Concerning the need for the ACP:  A case has been made that the project is mostly about securing a competitive advantage and rate-payer-ensured profit for a powerful and privileged corporation —hardly justification for environmental harm, intrusion into public conservation lands, and state-sanctioned violation of private property rights.

Your commentary, however, suggests that you’ve been mislead by company talking points.

You need to look beyond Dominion-sponsored analysis. Read the recent report on pipeline overbuilding by the Institute for Energy Economics and Financial Analysis. And read The ACP in a Nutshell, which describes how the ACP will supply facilities that are already well supplied or can be supplied using existing underused gas pipelines.

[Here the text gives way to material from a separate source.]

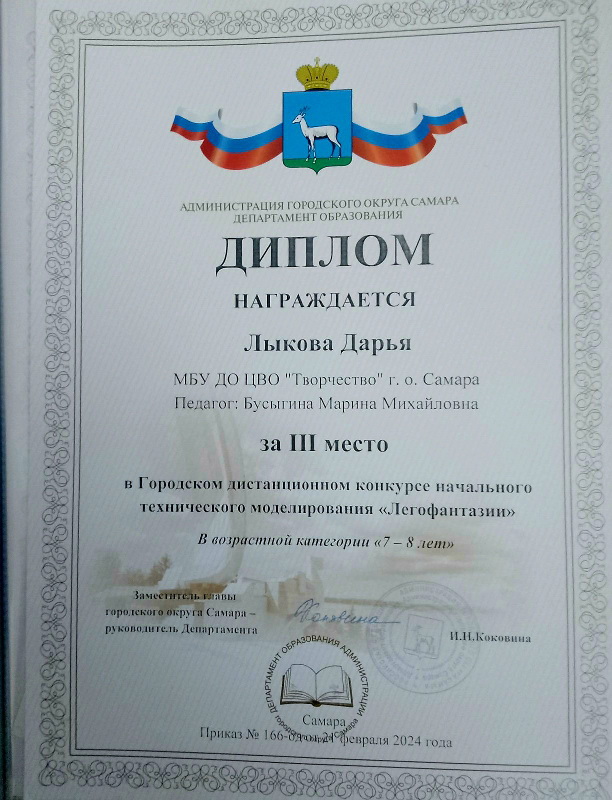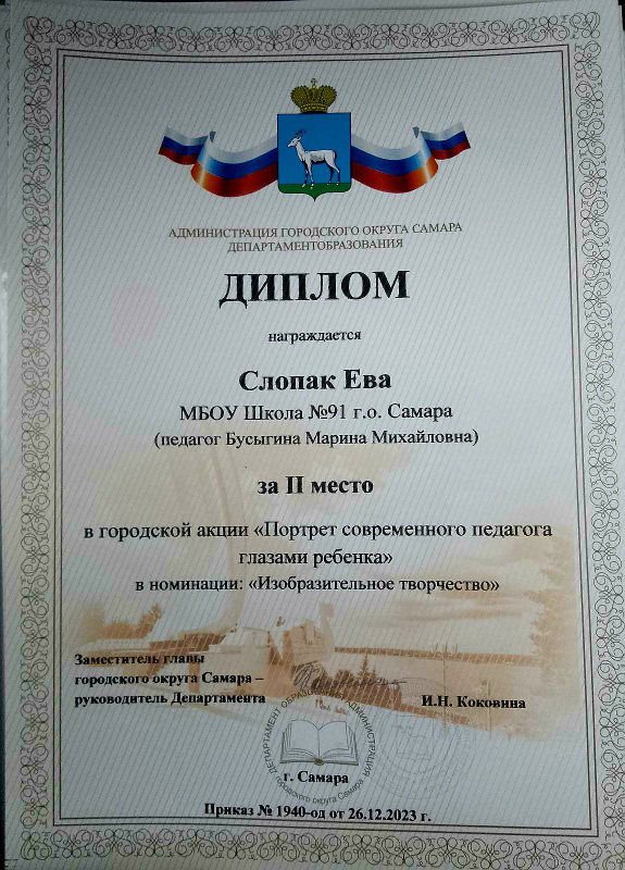 Бусыгина Марина Михайловна, педагог первой квалификационной категории, педагогический стаж 26 лет, награждена Дипломом Департамента образования Администрации городского округа Самара.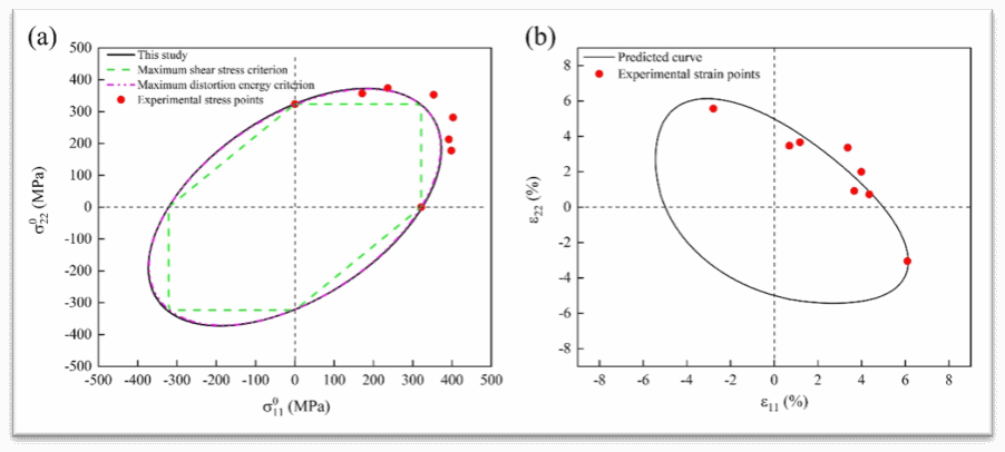本工作研究人员以6061铝合金为对象,设计了单轴和双轴拉伸实验方案,准确地得到在不同加载条件下的破坏强度。理论建模的整体思路是将体系塑性变形与其整体平均失配作为本征应变,导出了在特定加载条件下引入塑性变形导致的Gibbs自由能的变化。再根据非平衡热力学,导出塑性变形扰动的演化方程,并得到塑性变形的稳态条件和破坏的临界条件,通过单轴和等双轴拉伸试验确定了塑性耗散能量密度函数的展开系数。最后,预报出6061铝合金在应力空间和应变空间的破坏强度,与实验结果非常吻合。此外,研究人员将本工作的理论预报结果与两种经典强度理论(最大剪应力理论和最大畸变能理论)结果进行对比。本研究验证了预报材料结构强度的统一热力学理论的准确性和可靠性,为其在工程领域的应用奠定了基础。

So what is the crux of your complaint?

ACP proponents, such as yourself, assert that Dominion has repeatedly moved the proposed route in a good-faith effort to accommodate environmental and landowner concerns. On the contrary, Dominion has instead adopted an abusive and perverse crowd-sourcing approach to planning and advocating for the ACP. This point is well made in the attached Recorder commentary.

From the beginning, Dominion considered only some of the most obvious factors in plotting a pipeline route from point A to point B, leaving it up to citizens, landowners, local governments, and environmental agencies to invest the time and energy required for meaningful analysis. Then, when Dominion hastily modifies the route in response to public concerns — but once again without proper analysis — company spokesmen complain that the pipeline’s irrational opponents are never satisfied.

We are not put-off by such posturing. There is too much at stake. And we are definitely not satisfied with Dominion’s persistent lack of real concern about the environmental and societal impacts of its ill-conceived pipeline project.